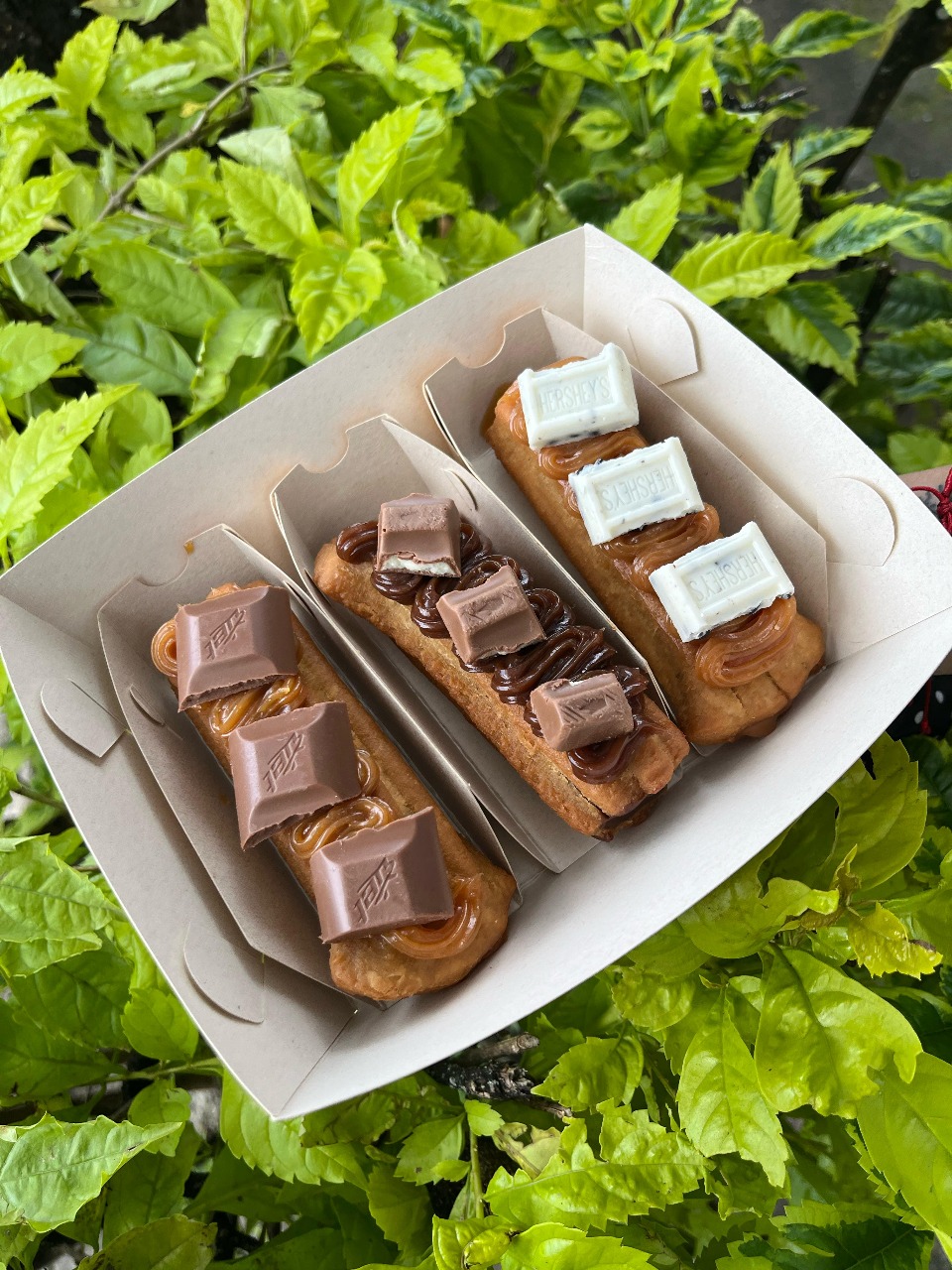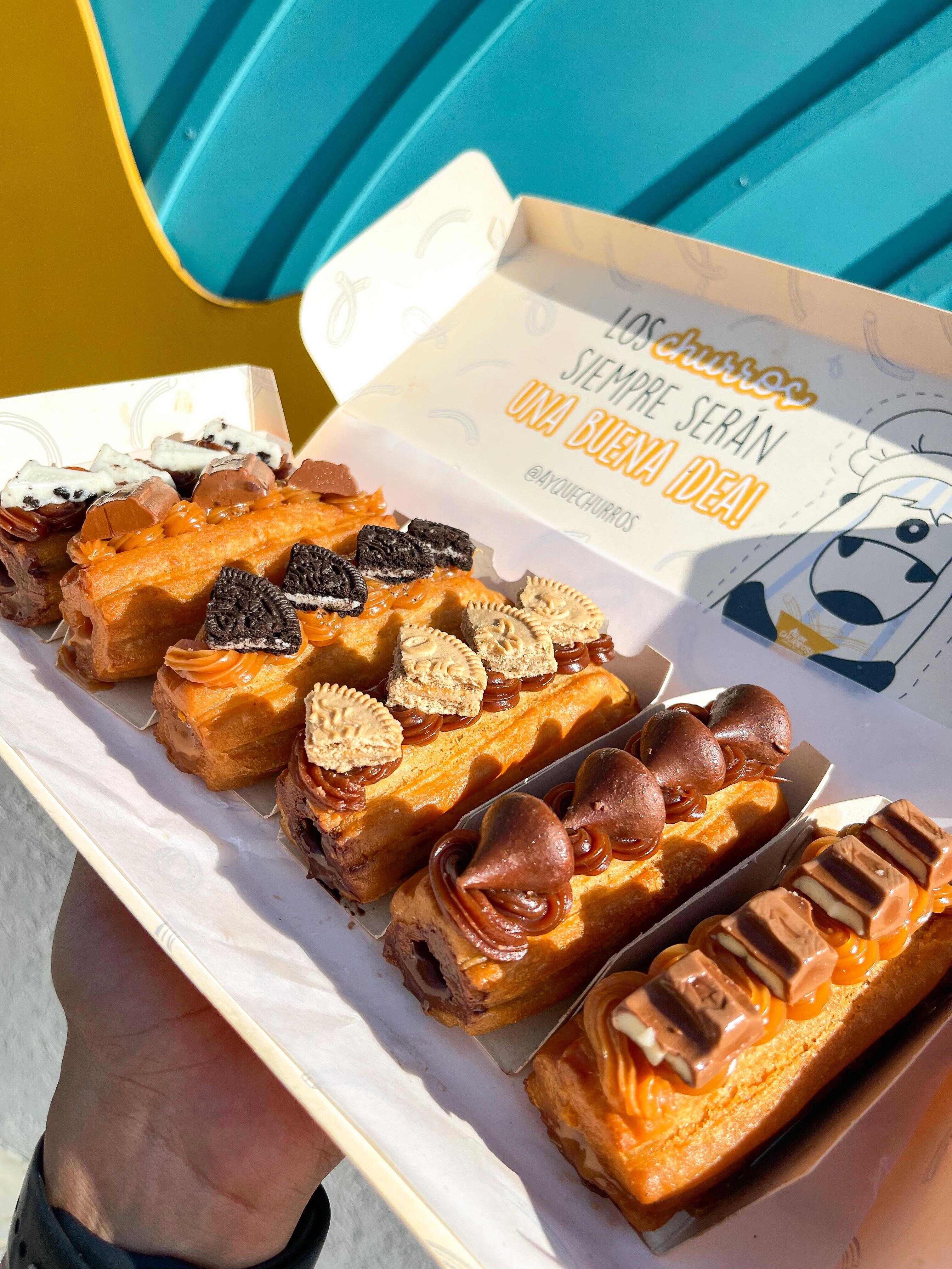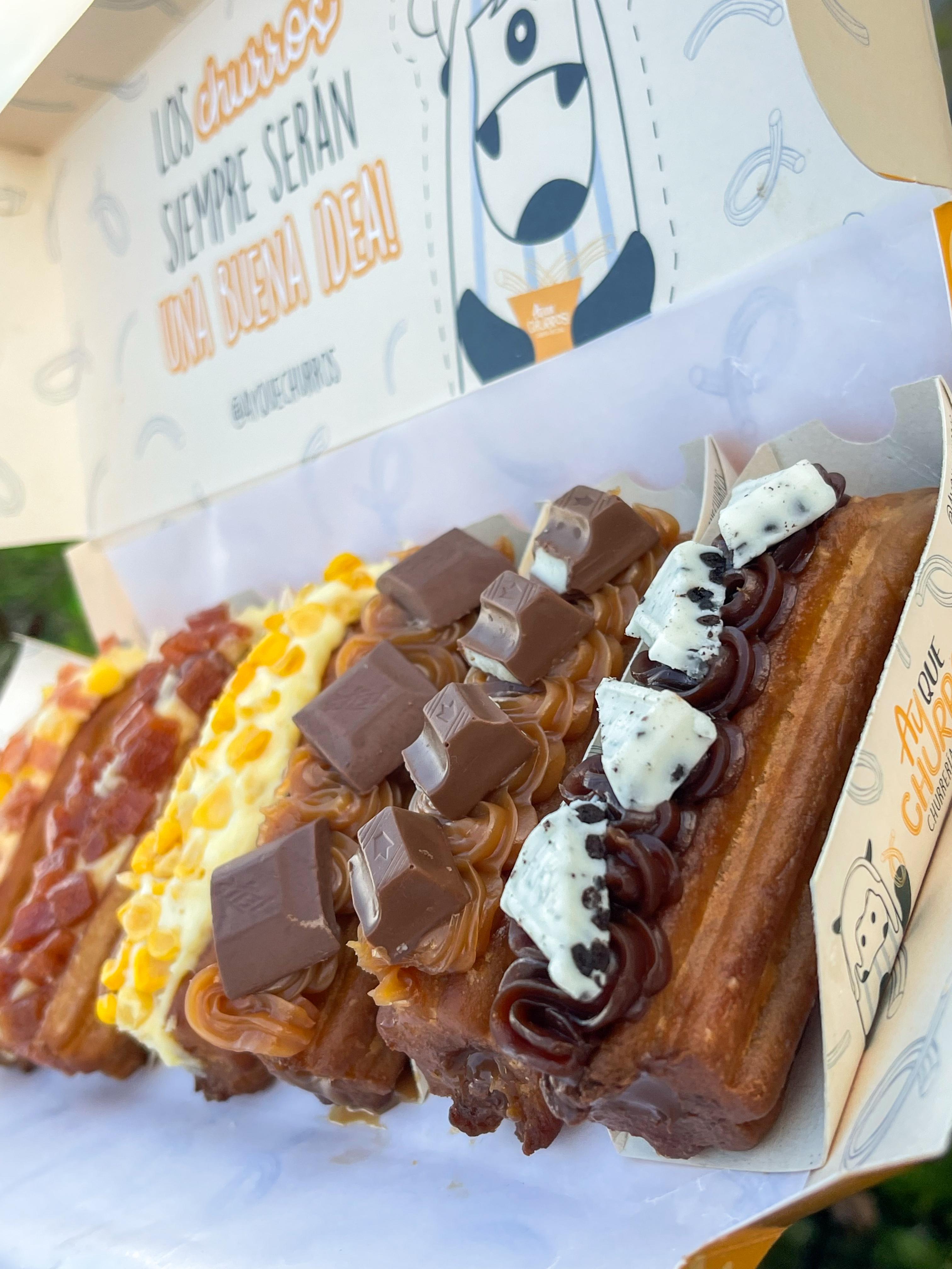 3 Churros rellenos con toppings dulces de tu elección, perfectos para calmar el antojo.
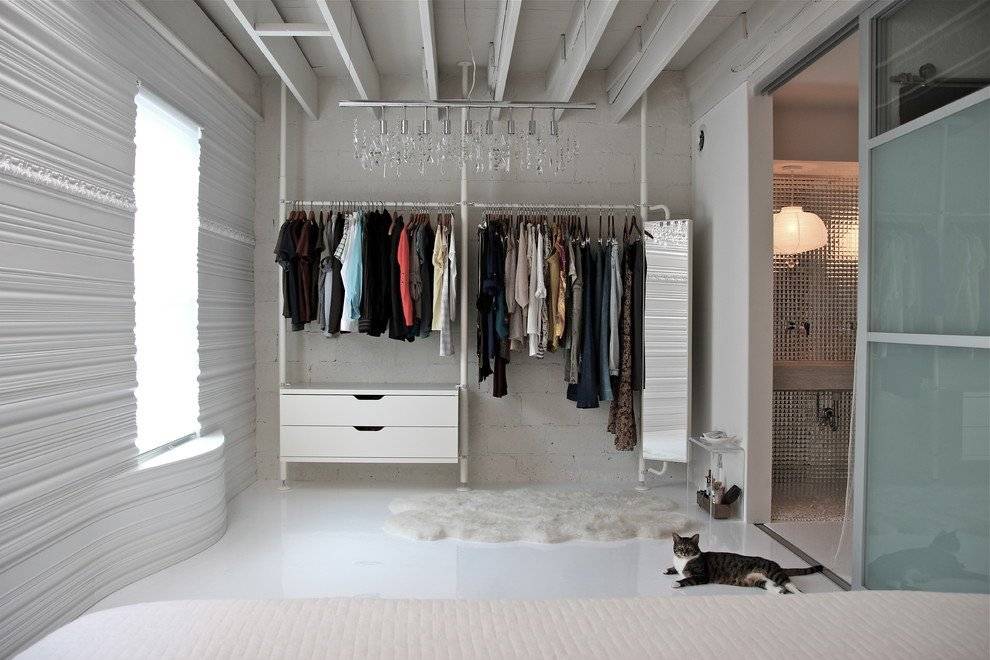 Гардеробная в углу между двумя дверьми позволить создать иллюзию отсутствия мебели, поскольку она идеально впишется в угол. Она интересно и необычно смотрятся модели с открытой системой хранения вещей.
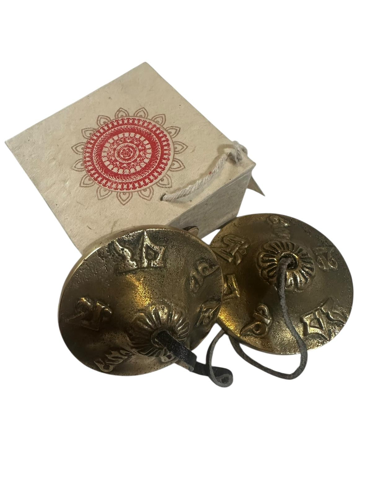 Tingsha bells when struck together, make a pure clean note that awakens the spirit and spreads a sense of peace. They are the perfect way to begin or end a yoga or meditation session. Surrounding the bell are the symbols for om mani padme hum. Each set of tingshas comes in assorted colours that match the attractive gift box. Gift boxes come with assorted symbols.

-.-.-

ACTIVITY — Write out the whole listing exactly, and drop the pictures.

RESPONSE TO THIS EXERCISE —
 3 Churros rellenos con toppings dulces de tu elección, perfectos para calmar el antojo.
 Гардеробная в углу между двумя дверьми позволить создать иллюзию отсутствия мебели, поскольку она идеально впишется в угол. Она интересно и необычно смотрятся модели с открытой системой хранения вещей.
 Tingsha bells when struck together, make a pure clean note that awakens the spirit and spreads a sense of peace. They are the perfect way to begin or end a yoga or meditation session. Surrounding the bell are the symbols for om mani padme hum. Each set of tingshas comes in assorted colours that match the attractive gift box. Gift boxes come with assorted symbols.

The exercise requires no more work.